My mum said that when I used to sing "noahs arc" at school I would sing "who built the arc, no one, no one"
Up until tonight I used to think Silent Night went "brown young virgin" because Mary was from the Middle East.
When I was a kid we went to a church that had a bad overhead so everything looked blurry on it. It was complicated by my dad's bad eyes so when he would sing this one song he would sing "may it be a sweet, sweet sound in your car" instead of "may it be a sweet, sweet sound in your ear". He would sing it really loud too.
I could never get over why everyone would sing such a gentle, sweet church hymn about a bomb. The song lyrics sounded like "There is a bomb in Gilead, to make the wounded body whole... to heal the sin-sick soul." I thought, what kind of a bomb could that be? Only one God could make I suppose. Finally the day of revelation came... "There is a balm in Gilead"
When they sang "When the roll is called up yonder" I always envisioned a piece of bread. It never occurred to me to wonder why a piece of bread would be called to heaven. I just took it on faith.
There was a song that all the littlel kids sang. Something about "If you want to be hip to the Lord" Me and my sister were CONVINCED that it was really "If you want to HIT by the lord".
We argued about this with my mom for a long time.
When we were little kids in Alabama, my sisters and I loved to sing our two favorite hymns in church. Eventually we (like so many others) learned that what we called "The Gladly Song" actually wasn't about an unfortunate bear who needed an operation to get his eyes fixed (which was exactly what we could look forward to ourselves, because if we kept crossing our eyes like that, they'd get stuck).
One Sunday morning much later, my mother was totally mystified when we asked whether we'd get to sing our other favorite hymn - the Plastic Thunder song. We had to sing it for her before she understood which song we meant: "I've got a piece of Plastic Thunder standing, down in my heart, down in my heart to stay." She laughed so hard, she cried... the real lyrics? "I've got a peace that passeth understanding down in my heart"...
She'd heard us sing about Plastic Thunder countless times, but never listened closely enough to realize.

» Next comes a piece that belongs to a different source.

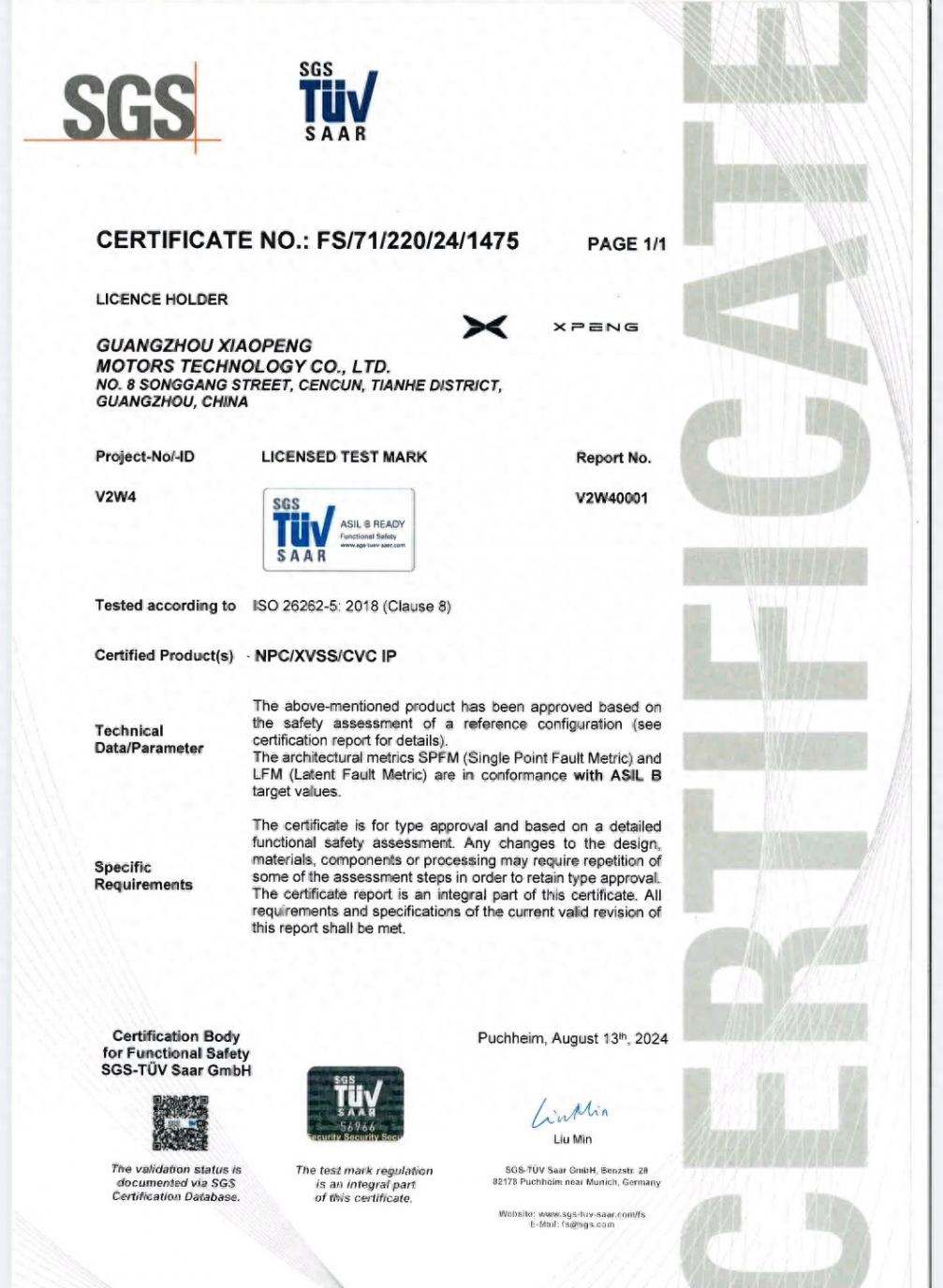7 月 24 日消息,小鵬汽車官方昨日發文介紹,小鵬 G7 Ultra 首發搭載的 3 顆圖靈 AI 芯片按國際車規級質量及安全標準設計,目前已通過 ISO26262 ASIL-B 功能安全認證,功能安全島符合 ISO26262 ASIL-D 最高等級標準,通過 AEC-Q100 可靠性測試標準,芯片生產流程符合 IATF16949(汽車供應鏈質量管理)標準要求。

Of course, to this day we still prefer our version!
When my school sang 'We Three Kings' in our Nativity play I thought the first line was 'We Three Kings of Ori and Tar' and thought that Ori and Tar were countries, and spent hours searching for them on my globe...
in "deck the halls", where you say "don we now our gay apparel" (as in "now we put on our brightly colored clothes") i thought it was "dawn we now our day of Harold". My family wasnt very religious, and i figured that another name for christmas was St. Harold's Day.
I was a little confused in Sunday School. I used to sing "Jesus loves me Eskimo" instead of "Jesus loves me this I know" and "Goat ate it on the mountain" instead of "Go tell it on the mountain"
When I was 5, I first went on a plane-a Virgin Atlantic one***-to America. When I returned, at school we had to sing hyms every day, and one time we sang "The Virgin Mary had a Baby Boy." Being the slightley odd child that I was, and not realising what Virgin meant, I thought that Virgin Atlantic Planes had sponsered the song. Damn.
***It was Halloween when we flew, and there was a witch drawing competition, and my sister won. She won a soft toy (a dog) and named it Virgin.
God knows what my parents thought about that!
I used to think the words to "Silent Night Holy Night" at the end, were "Christ the Savior is bored." It's "Christ the Savor is born."
Before I could read, as a child I sang the song, "Lo in the grave he laid, Jesus my Savior." I wondered what was Jesus doing lying in the gravy?